• [WORK ITEM]: Nothing should appear in the answer except the lines below from the line containing "Kolor: białyKrój: dwuczęściowyTyp: kostiumy" through the line containing "Organizando uma festa", copied exactly, with pictures left out.

LISTED ENTRIES: Begin

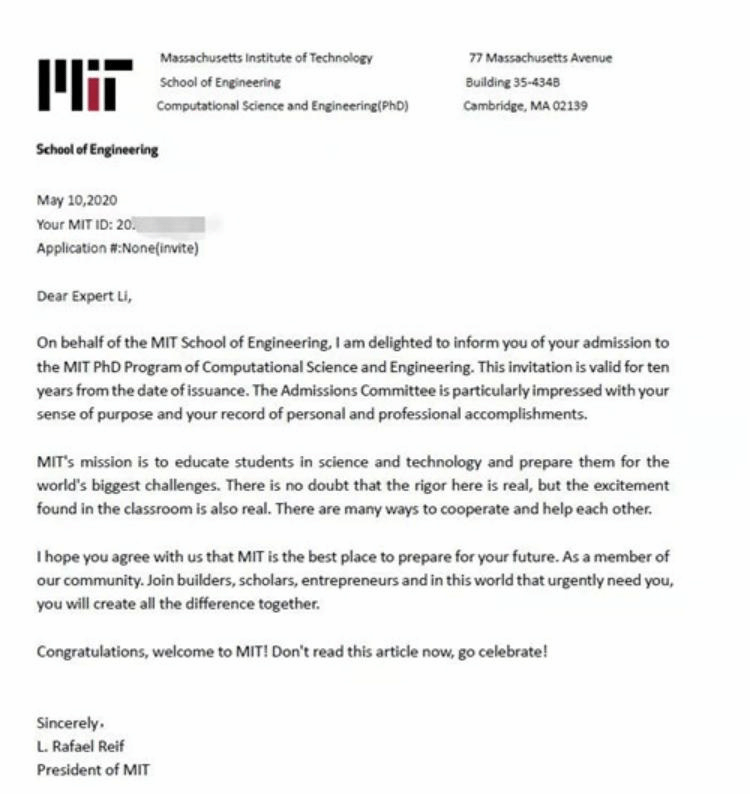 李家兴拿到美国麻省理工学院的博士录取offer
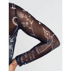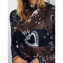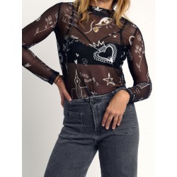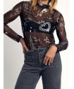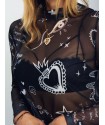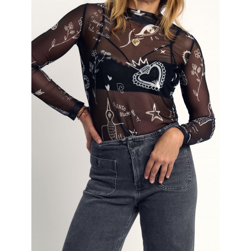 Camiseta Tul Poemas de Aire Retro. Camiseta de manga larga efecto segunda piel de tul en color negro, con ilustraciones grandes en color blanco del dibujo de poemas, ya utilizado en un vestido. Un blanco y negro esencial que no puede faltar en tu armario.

LISTED ENTRIES: End
LISTED ENTRIES: Begin

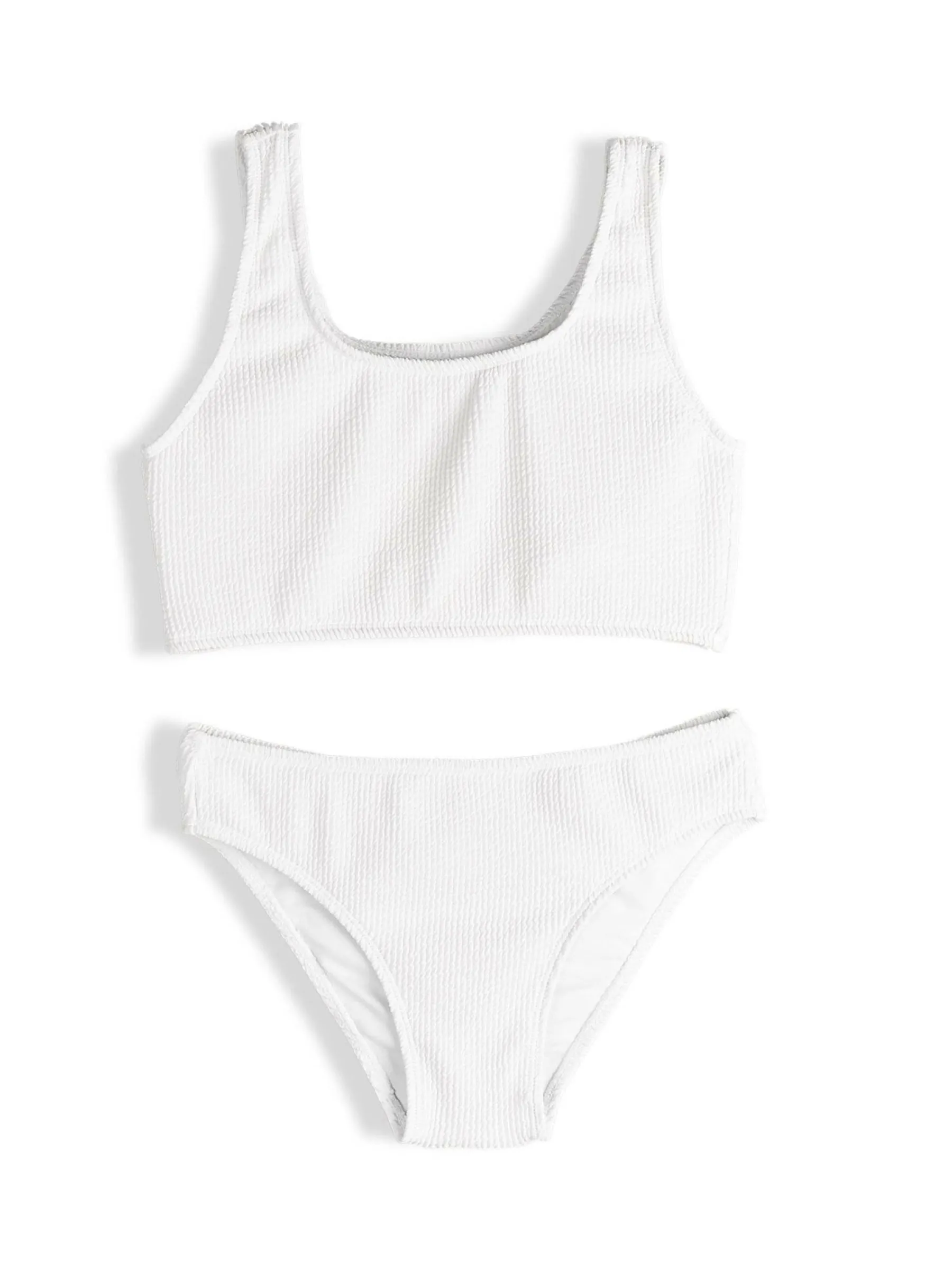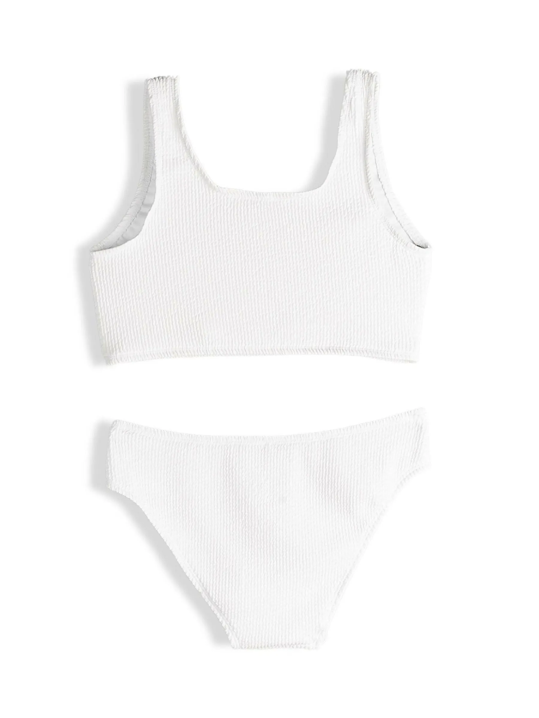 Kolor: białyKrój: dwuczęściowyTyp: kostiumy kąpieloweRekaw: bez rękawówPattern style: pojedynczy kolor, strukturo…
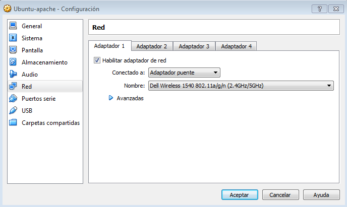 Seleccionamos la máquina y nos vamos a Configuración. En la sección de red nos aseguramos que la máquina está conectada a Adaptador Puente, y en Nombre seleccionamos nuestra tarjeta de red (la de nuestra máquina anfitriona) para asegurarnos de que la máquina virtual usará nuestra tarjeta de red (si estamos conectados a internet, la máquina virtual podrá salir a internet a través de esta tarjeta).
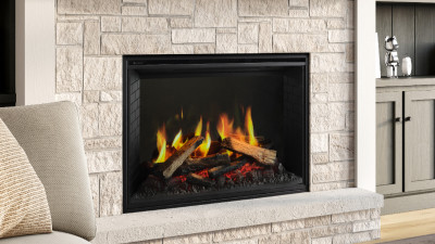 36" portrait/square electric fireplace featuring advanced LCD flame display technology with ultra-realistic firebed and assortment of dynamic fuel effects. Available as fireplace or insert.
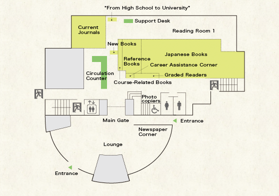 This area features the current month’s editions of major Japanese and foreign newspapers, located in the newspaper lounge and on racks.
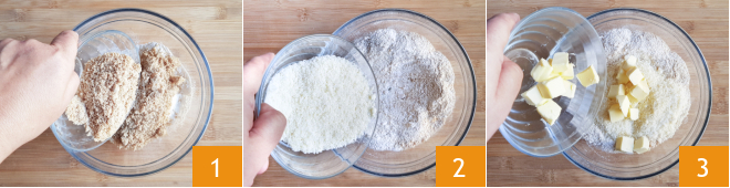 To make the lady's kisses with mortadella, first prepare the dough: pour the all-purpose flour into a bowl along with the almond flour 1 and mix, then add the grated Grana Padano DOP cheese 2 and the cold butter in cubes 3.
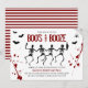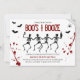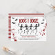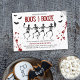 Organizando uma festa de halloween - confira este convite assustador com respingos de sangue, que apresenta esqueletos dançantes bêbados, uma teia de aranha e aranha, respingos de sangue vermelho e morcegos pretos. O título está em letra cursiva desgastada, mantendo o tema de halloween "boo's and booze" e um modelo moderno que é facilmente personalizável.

LISTED ENTRIES: End

• [SOLUTION]:
 Kolor: białyKrój: dwuczęściowyTyp: kostiumy kąpieloweRekaw: bez rękawówPattern style: pojedynczy kolor, strukturo…
 Seleccionamos la máquina y nos vamos a Configuración. En la sección de red nos aseguramos que la máquina está conectada a Adaptador Puente, y en Nombre seleccionamos nuestra tarjeta de red (la de nuestra máquina anfitriona) para asegurarnos de que la máquina virtual usará nuestra tarjeta de red (si estamos conectados a internet, la máquina virtual podrá salir a internet a través de esta tarjeta).
 36" portrait/square electric fireplace featuring advanced LCD flame display technology with ultra-realistic firebed and assortment of dynamic fuel effects. Available as fireplace or insert.
 This area features the current month’s editions of major Japanese and foreign newspapers, located in the newspaper lounge and on racks.
 To make the lady's kisses with mortadella, first prepare the dough: pour the all-purpose flour into a bowl along with the almond flour 1 and mix, then add the grated Grana Padano DOP cheese 2 and the cold butter in cubes 3.
 Organizando uma festa de halloween - confira este convite assustador com respingos de sangue, que apresenta esqueletos dançantes bêbados, uma teia de aranha e aranha, respingos de sangue vermelho e morcegos pretos. O título está em letra cursiva desgastada, mantendo o tema de halloween "boo's and booze" e um modelo moderno que é facilmente personalizável.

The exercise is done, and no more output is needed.